The following diagram shows the tasks (in blue) and artifacts (in green) associated with each stage of the lifecycle (on the horizontal axis) for these roles (on the vertical axis).
Standardized project structure
Your team can use the Azure infrastructure to organize your data science assets.
Azure Machine Learning supports the open-source MLflow. We recommend using MLflow for data science and AI project management. MLflow is designed to manage the complete machine learning lifecycle. It trains and serves models on different platforms, so you can use a consistent set of tools regardless of where your experiments run. You can use MLflow locally on your computer, on a remote compute target, on a virtual machine, or on a Machine Learning compute instance.
MLflow consists of several key functionalities:
Track experiments: With MLflow, you can keep track of experiments, including parameters, code versions, metrics, and output files. This feature helps you compare different runs and manage the experimentation process efficiently.
Package code: It offers a standardized format for packaging machine learning code, which includes dependencies and configurations. This packaging makes it easier to reproduce runs and share code with others.
Manage models: MLflow provides functionalities for managing and versioning models. It supports various machine learning frameworks, so you can store, version, and serve models.
Serve and deploy models: MLflow integrates model serving and deployment capabilities, so you can easily deploy models in diverse environments.
Register models: You can manage the lifecycle of a model, including versioning, stage transitions, and annotations. MLflow is useful for maintaining a centralized model store in a collaborative environment.
Use an API and UI: Inside Azure, MLflow is bundled within the Machine Learning API version 2, so you can interact with the system programmatically. You can use the Azure portal to interact with a UI.
MLflow aims to simplify and standardize the process of machine learning development, from experimentation to deployment.
Machine Learning integrates with Git repositories, so you can use Git-compatible services: GitHub, GitLab, Bitbucket, Azure DevOps, or another Git-compatible service. In addition to the assets already tracked in Machine Learning, your team can develop their own taxonomy within their Git-compatible service to store other project information, such as:
- Project, for example the final project report
- Data report, for example the data dictionary or data quality reports
- Model, for example model reports
- Data preparation
- Model development
- Operationalization, including security and compliance
Infrastructure and resources
The TDSP provides recommendations for managing shared analytics and storage infrastructure such as:
- Cloud file systems for storing datasets
- Big data clusters, for example SQL or Spark
- Machine learning services
You can place the analytics and storage infrastructure, where raw and processed datasets are stored, in the cloud or on-premises. This infrastructure enables reproducible analysis. It also prevents duplication, which can lead to inconsistencies and unnecessary infrastructure costs. The infrastructure has tools to provision the shared resources, track them, and allow each team member to connect to those resources securely.
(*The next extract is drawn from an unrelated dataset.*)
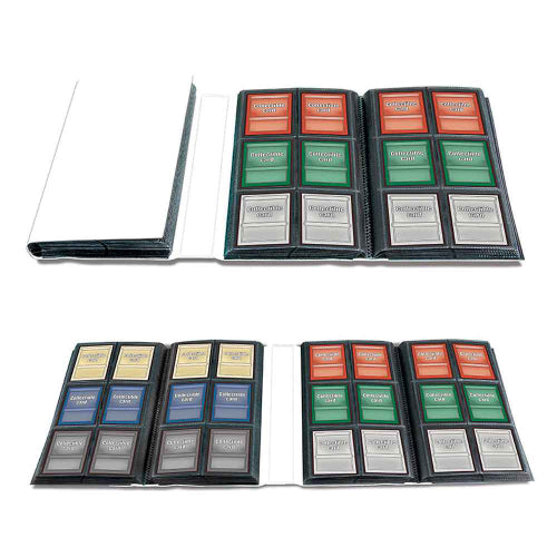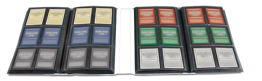 The white 4-Up Playset PRO-Binder designed for collecting playsets of your favorite trading card, features double-fold comact design. Each row holds 4-card playsets. Embossed middle black web material, gives cards a classic framed look. Side loading pocket design to prevent cards from easily falling out. Elastic strap holds the binder shut when not in use. All materials made from archival-safe, acid-free non-PVC material. Sized to fit 480 single-sleeved standard sized cards in Ultra PRO Deck Protector sleeves.
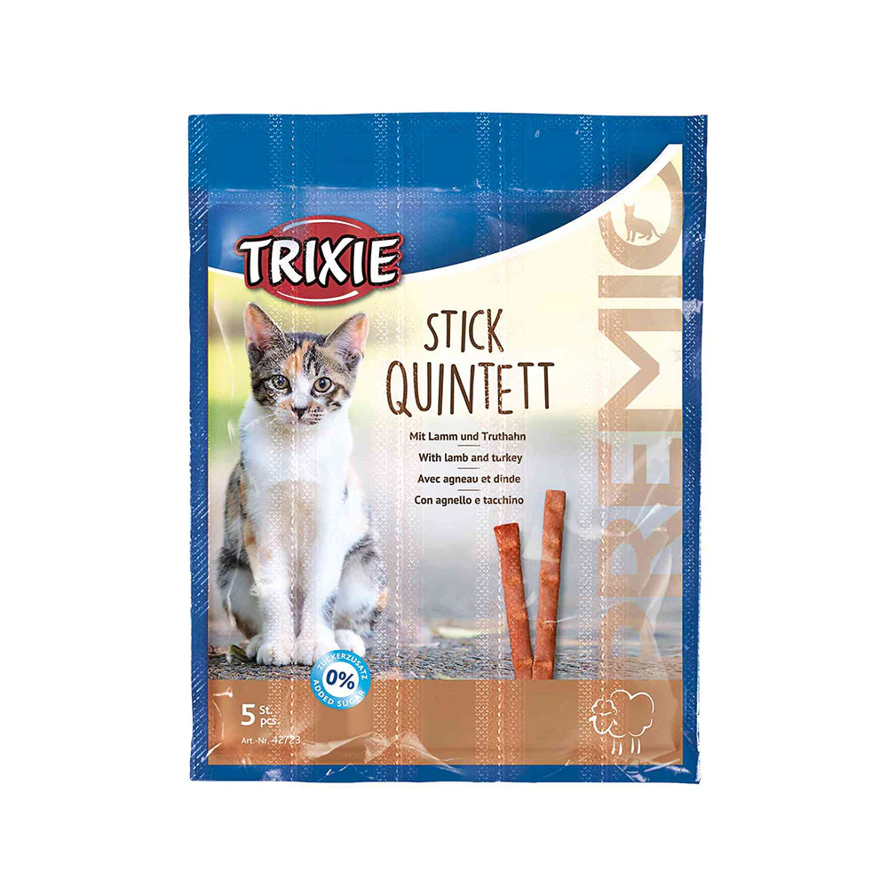 Les bâtonnets TRXIE PREMIO QUINTET Volaille et Foie sont de savoureuses friandises, sans sucre ajouté, pour nos félins préférés. Chaque stick de 5 grammes est emballé individuellement.

It's also a good practice to have project members create a consistent compute environment. Various team members can then replicate and validate experiments.
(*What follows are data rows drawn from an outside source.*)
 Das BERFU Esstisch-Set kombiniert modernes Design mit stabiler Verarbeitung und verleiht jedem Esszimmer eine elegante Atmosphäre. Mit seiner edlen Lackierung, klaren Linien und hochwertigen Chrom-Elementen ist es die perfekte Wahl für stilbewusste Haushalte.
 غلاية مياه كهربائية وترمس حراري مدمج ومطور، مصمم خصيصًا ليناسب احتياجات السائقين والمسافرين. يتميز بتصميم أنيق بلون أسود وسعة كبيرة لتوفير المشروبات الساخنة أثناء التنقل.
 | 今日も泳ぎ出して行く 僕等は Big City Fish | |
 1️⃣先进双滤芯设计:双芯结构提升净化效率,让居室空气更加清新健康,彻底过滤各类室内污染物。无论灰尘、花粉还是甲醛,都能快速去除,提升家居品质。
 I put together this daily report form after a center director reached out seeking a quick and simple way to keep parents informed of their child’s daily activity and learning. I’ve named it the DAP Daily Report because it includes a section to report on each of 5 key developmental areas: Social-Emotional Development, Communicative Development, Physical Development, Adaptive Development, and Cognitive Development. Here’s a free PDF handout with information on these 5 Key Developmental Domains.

Here's an example of a team working on multiple projects and sharing various cloud analytics infrastructure components:
Tools and utilities
In most organizations, it's challenging to introduce processes. The infrastructure provides tools to implement the TDSP and lifecycle help lower the barriers to and increase the consistency of their adoption.
With Machine Learning, data scientists can apply open-source tooling as part of the data science pipeline or workflow. Within Machine Learning, Microsoft promotes responsible AI tools, which helps achieve Microsoft's Responsible AI Standard.
TDSP is a well-established methodology used across Microsoft engagements, and therefore has been documented and studied in peer-reviewed literature. These citations provide an opportunity to investigate TDSP features and applications. See the lifecycle overview page for a list of citations.